Türkiye’deki vergi mükellefinin cebinden çıkacak 150 milyon dolara yakın bir para, KKTC gibi vergi kaçakçılığında dünya zirvesine yerleşmiş, devletin tam anlamıyla korsan devlet haline getirildiği,  vatandaşı ve siyasileri tarafından getirilmesine göz yumulduğu, herşeyin bir avuç rantçıya feda edildiği, vergi sahtekarlarının cirit attığı ve siyasilerinin de al gülüm ver gülüm zihniyetiyle bu kokuşmuş düzene çanak tuttuğu bir toprak parçasına atılacak!!!

Halbuki bu parayla, hiçbir aciliyeti ve gereği olmayan, bittiğinde şovdan başka bir işe yaramayacak olan bir yerleşke yerine, Kıbrıs’taki üniversite öğrencilerinden binlercesinin insan gibi yaşayabileceği, ev sahibi kılığındaki kasapların elinden kurtulacakları en az yirmi tane  yurt  yapılabilir, hem de tüm sosyal tesisleriyle birlikte… 

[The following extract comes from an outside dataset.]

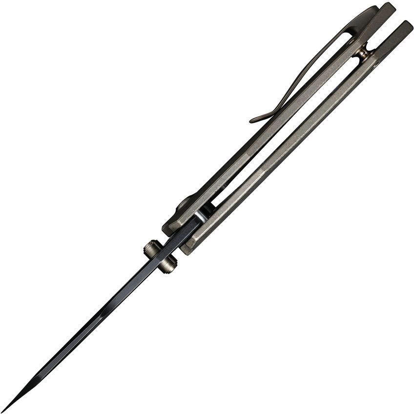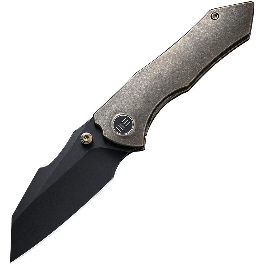 Model/Item/Part - WE220052. WE Knife Company - High-Fin Framelock Gray. 4" (10.16cm) closed. 3" (7.62cm) black stonewash finish CPM-20CV stainless blade. Bronze stonewash finish titanium handle. Thumb stud. Pocket clip. Black nylon zippered storage case. Boxed. Made in China.
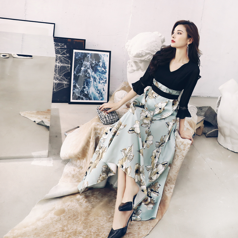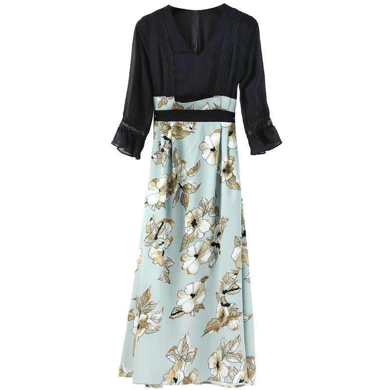 中袖拼接連衣裙女中長款2018秋季新款女裝時尚修身收腰chic早秋裙

Türkiye’nin dört bir taraftan düşman tarafından kuşatılmaya çalışıldığı, ordunun sürekli olarak emperyalistlerin desteklediği terörizmle savaş içinde olduğu bir dönemde bu para ile askerlerimizin canlarını kurtarmaya yarayacak yüzbinlerce en kalitelisinden ve hafifinden çelik yelek alınabilir, yapılabilir, her askerin canı olabildiğince emniyete alınabilir.

Bu çapta bir parayla, çatışma sahasında en önemli unsur askerdir diyerekten, onbinlerce uzun menzilli silah her türlü ekipmanı ile birlikte alınabilir, yapılabilir, böylesi bir donanım her bir askeri tek kişilik küçük bir orduya dönüştürür, gerek terörizmle savaşta, gerekse uluslar arasında çıkabilecek bir savaşta düşmana dehşet saçar, ödünü patlatır.

Bu çapta bir parayla, yüzlerce, hatta binlerce gelişmiş siha ve iha daha yapılabilir, böylesi bir güçle Yunanistan gibi “arkamda abilerim var, ona göre ha” diyerek horozlanan hödük horozların gagası gerekli olduğu anda tek vuruşta koparılır, abisini de görür, babasını da görür…

Bu çapta bir parayla, gerek Türkiye’de, gerekse KKTC’de organize suçla mücadele kapsamında polis teşkilatlarının altyapısı dehşetli bir şekilde geliştirilebilir, başta uyuşturucu kaçakçıları ve diğer mafya tayfası kılını bile kıpırdatamaz hale gelir.

Tek bir askerin, tek bir vatandaşın canının değeri, milyon tane külliye ile kıyaslanamaz bile…Gösteriş için milyon tane külliye yapsanız bile milyon tanesi canını vatan için feda etmeye hazır bir askerin tırnağının, evladını vatan savunmasına gönderen bir ananın yüreğinin  zerresinin bile değerinde değildir.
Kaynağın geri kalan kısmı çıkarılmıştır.